** Source material **
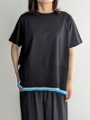 シンプルながらも立体感の出るドッキングリブがアクセントとなり、一枚でコーディネートの主役になるトップスです。やや短めの袖丈ながら、肩幅にゆとりを持たせることで、程よい長さの半袖シルエットに仕上げました。ネックはシンプルなカットソーでアクセサリースカーフなどパッと明るく見せてくれるのも嬉しいポイントです。
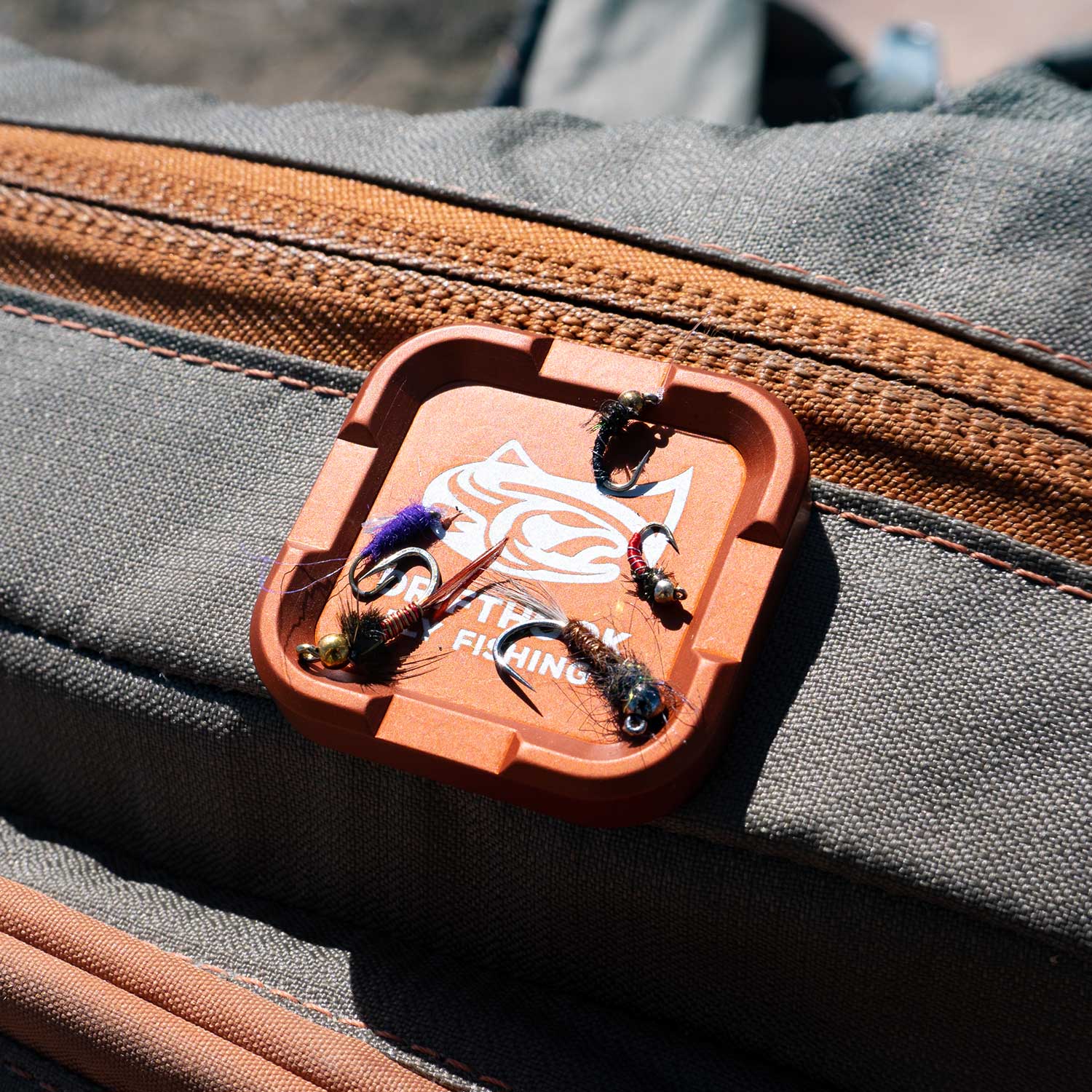 The Mag Grab™ Mini presents a beautiful modern design accompanied by a gorgeous engraving. The high-strength magnet allows for over a dozen flies to be attached without a problem and is strong enough to hold various hand tools, such as forceps, nippers, or pliers, to allow for quick and easy access when they are needed most.
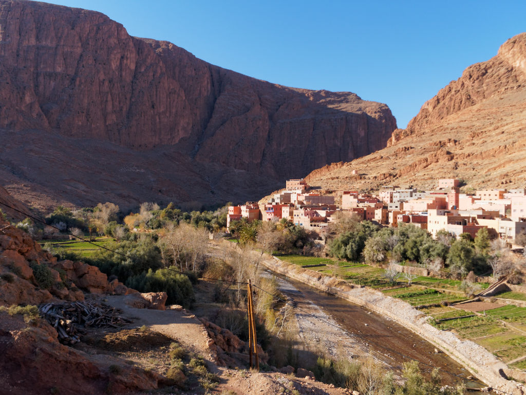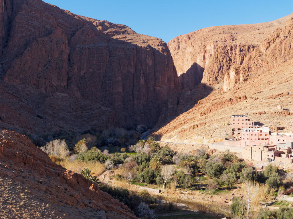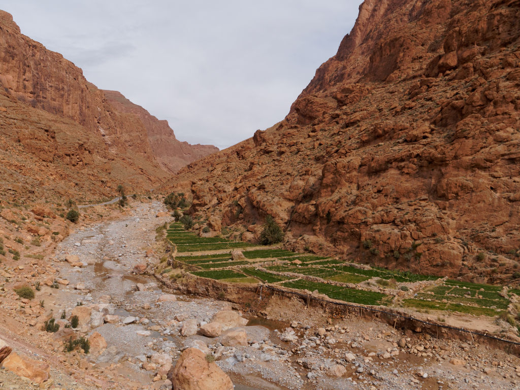 L’Oued a ici creusé profondément dans la roche pour se frayer un chemin tout en courbe, au point le plus profond, il y a 300m de falaise que les passionnés d’escalade ont trouvé comme terrain de jeu exigeant (un villageois m'a dit qu'un français a ouvert au village devant les gorges un magasin de matériel d'escalade).
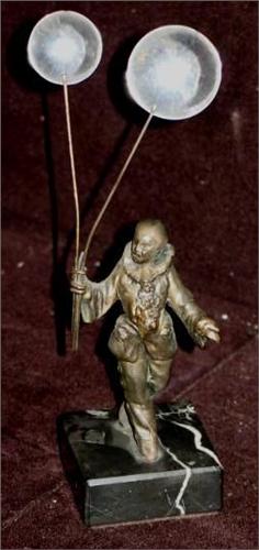 Peirot Bronze Clown on marble base, 7" tall.
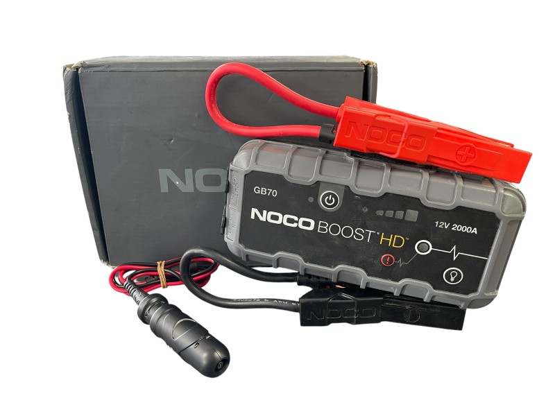 This powerful NOCO GB70 UltraSafe Boost HD Lithium Jump Starter is a versatile and reliable tool for getting your vehicle back on the road. With a 2000 Amp peak current, it can quickly and safely jump-start a dead battery, even in extreme conditions. Its compact and durable design makes it easy to store and transport, ensuring you're always prepared for unexpected battery issues.
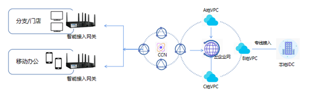 智能接入網(wǎng)關(guān)可以將機構(gòu)(IDC/分支機構(gòu)/門店等)接入數(shù)據(jù)中心,利用云上資源進行彈性伸縮,輕松構(gòu)建混合云。
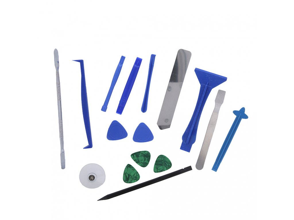 Sada 16 nástrojů pro otevírání všech typů elektronických zařízení, která obsahuje:
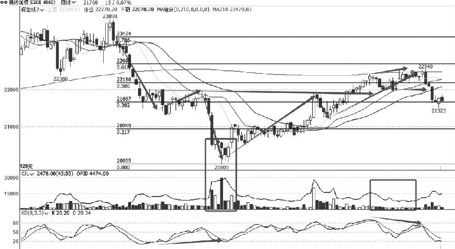 从棉纱加权日线走势图可以看出,棉纱经历一轮大幅走低后见底反弹,随后形成头肩底反转形态,进而继续反弹,价格虽然突破了前下跌幅度50%的位置,抵近0.618一线,但承压于210日均线的压力止步反弹。在此一线,价格见顶并形成顶部背离,展开回落调整走势。近日棉纱增仓放量大幅走低,价格跌破前调整低点,不仅形成对反弹趋势的否定,还完成了走势结构的逆转。在冲顶过程中,棉纱大幅减仓缩量,而在下跌过程中增仓放量,说明后市会有深度,但是均线系统由多头排列直接转到空头排列需要一个过程,价格走势会在均线附近反复,随后才会有更强劲的回落。(中辉期货 李卫东) (责任编辑:admin) |
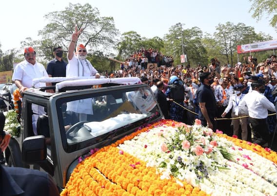 પીએમ મોદીનો એરપોર્ટ પરથી રોડ શો શરુ થઈ ગયો છે. પીએમ મોદીની સાથે મુખ્યમંત્રી ભુપેન્દ્ર પટેલ અને પ્રદેશ અધ્યક્ષ સી. આર પાટીલ પણ પીએમ મોદીની ગાડીમાં સવાર છે.
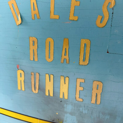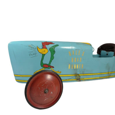 Originaler Soap Box Derby Racer, getauft auf den Namen „Dale’s Road Runner“. Dieses Objekt ist ein herausragendes Beispiel für die Automobilia-Volkskunst der Mitte des 20. Jahrhunderts.
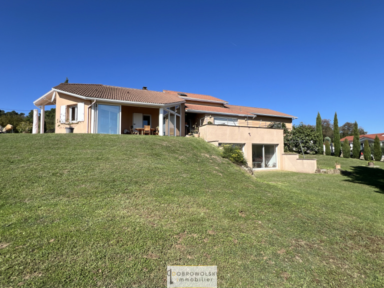 Découvrez cette maison contemporaine dotée d'une identité marquée et peu commune, au charme et aux volumes d'accueil exceptionnels, 209m2 de surface habitable, 40m2 de garage, 2600m2 de terrain. La maison est composée d'une cuisine aménagée et équipée ouverte sur un vaste salon/séjour avec accès à plusieurs terrasses et plusieurs orientations, d'un bureau, de 3 chambres dont 1 parentale équipée d'un vaste dressing et d'une SDE privative, d'une salle de bains, d'une salle de sport équipée également d'une SDE. Les aménagements sont confortables et actuels, vous bénéficierez d'une construction de qualité. La maison profite d'une capacité isolante de bon niveau, les huisseries sont en PVC double vitrage, le chauffage est multiple pour votre plus grand confort : radiateurs électriques, climatisation réversible, poele à bois. Vous profiterez d'un environnement exceptionnel, calme, naturel avec une vue imprenable sur les Alpes, le terrain est clot, végétalisé et accueille une superbe piscine dotée d'un dome pour une utilisation optimisée et confortable une grande partie de l'année. Pour finir et pour faciliter le stockage, la maison est équipée d'un garage double pourvu d'un grenier. Vous l'avez bien compris, il s'agit d'un bien d'exception, n'hésitez pas à me contacter par téléphone pour plus de détails...
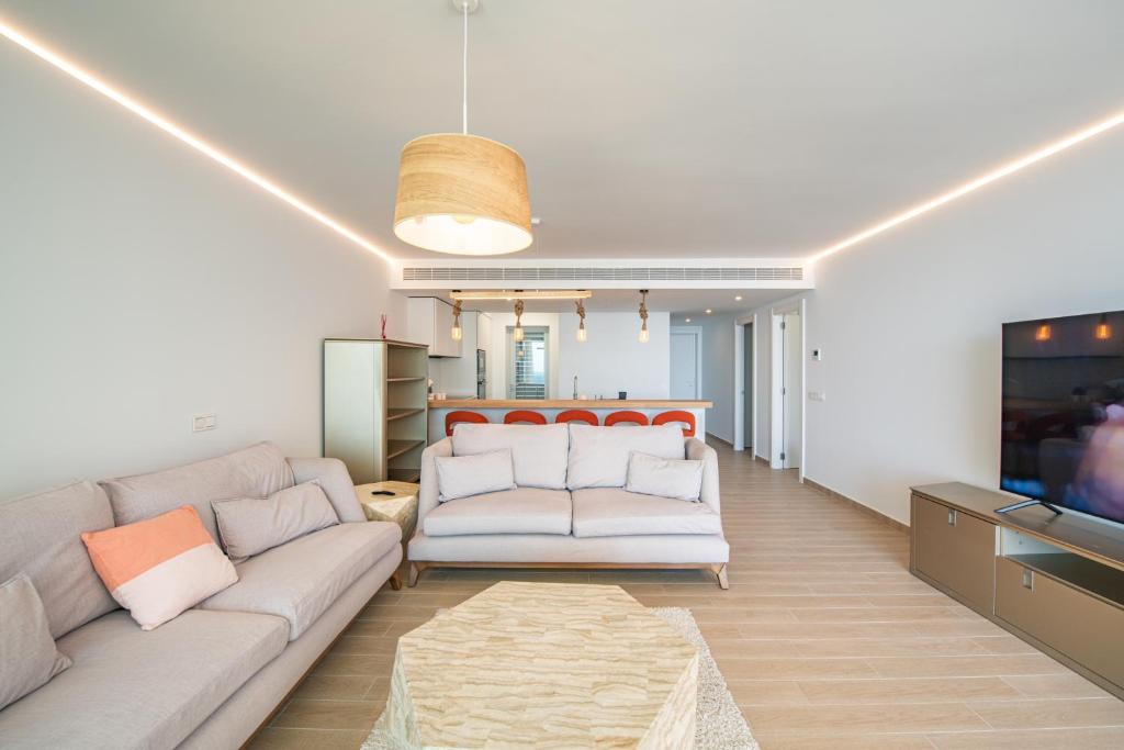 El Unique 2 bedroom unit with pool near beach se encuentra frente a la playa de Fuengirola y ofrece piscina privada. El alojamiento está a 500 metros de la playa de Carvajal y cuenta con aire acondicionado, aparcamiento privado y WiFi gratuita.

** What the task requires **
Above are the records; restate exactly the lines from the one containing "L’Oued a ici" through the one containing "Originaler Soap Box", keeping pictures out.

** Response to this exercise **
 L’Oued a ici creusé profondément dans la roche pour se frayer un chemin tout en courbe, au point le plus profond, il y a 300m de falaise que les passionnés d’escalade ont trouvé comme terrain de jeu exigeant (un villageois m'a dit qu'un français a ouvert au village devant les gorges un magasin de matériel d'escalade).
 Peirot Bronze Clown on marble base, 7" tall.
 This powerful NOCO GB70 UltraSafe Boost HD Lithium Jump Starter is a versatile and reliable tool for getting your vehicle back on the road. With a 2000 Amp peak current, it can quickly and safely jump-start a dead battery, even in extreme conditions. Its compact and durable design makes it easy to store and transport, ensuring you're always prepared for unexpected battery issues.
 智能接入網(wǎng)關(guān)可以將機構(gòu)(IDC/分支機構(gòu)/門店等)接入數(shù)據(jù)中心,利用云上資源進行彈性伸縮,輕松構(gòu)建混合云。
 Sada 16 nástrojů pro otevírání všech typů elektronických zařízení, která obsahuje:
 从棉纱加权日线走势图可以看出,棉纱经历一轮大幅走低后见底反弹,随后形成头肩底反转形态,进而继续反弹,价格虽然突破了前下跌幅度50%的位置,抵近0.618一线,但承压于210日均线的压力止步反弹。在此一线,价格见顶并形成顶部背离,展开回落调整走势。近日棉纱增仓放量大幅走低,价格跌破前调整低点,不仅形成对反弹趋势的否定,还完成了走势结构的逆转。在冲顶过程中,棉纱大幅减仓缩量,而在下跌过程中增仓放量,说明后市会有深度,但是均线系统由多头排列直接转到空头排列需要一个过程,价格走势会在均线附近反复,随后才会有更强劲的回落。(中辉期货 李卫东) (责任编辑:admin) |
 પીએમ મોદીનો એરપોર્ટ પરથી રોડ શો શરુ થઈ ગયો છે. પીએમ મોદીની સાથે મુખ્યમંત્રી ભુપેન્દ્ર પટેલ અને પ્રદેશ અધ્યક્ષ સી. આર પાટીલ પણ પીએમ મોદીની ગાડીમાં સવાર છે.
 Originaler Soap Box Derby Racer, getauft auf den Namen „Dale’s Road Runner“. Dieses Objekt ist ein herausragendes Beispiel für die Automobilia-Volkskunst der Mitte des 20. Jahrhunderts.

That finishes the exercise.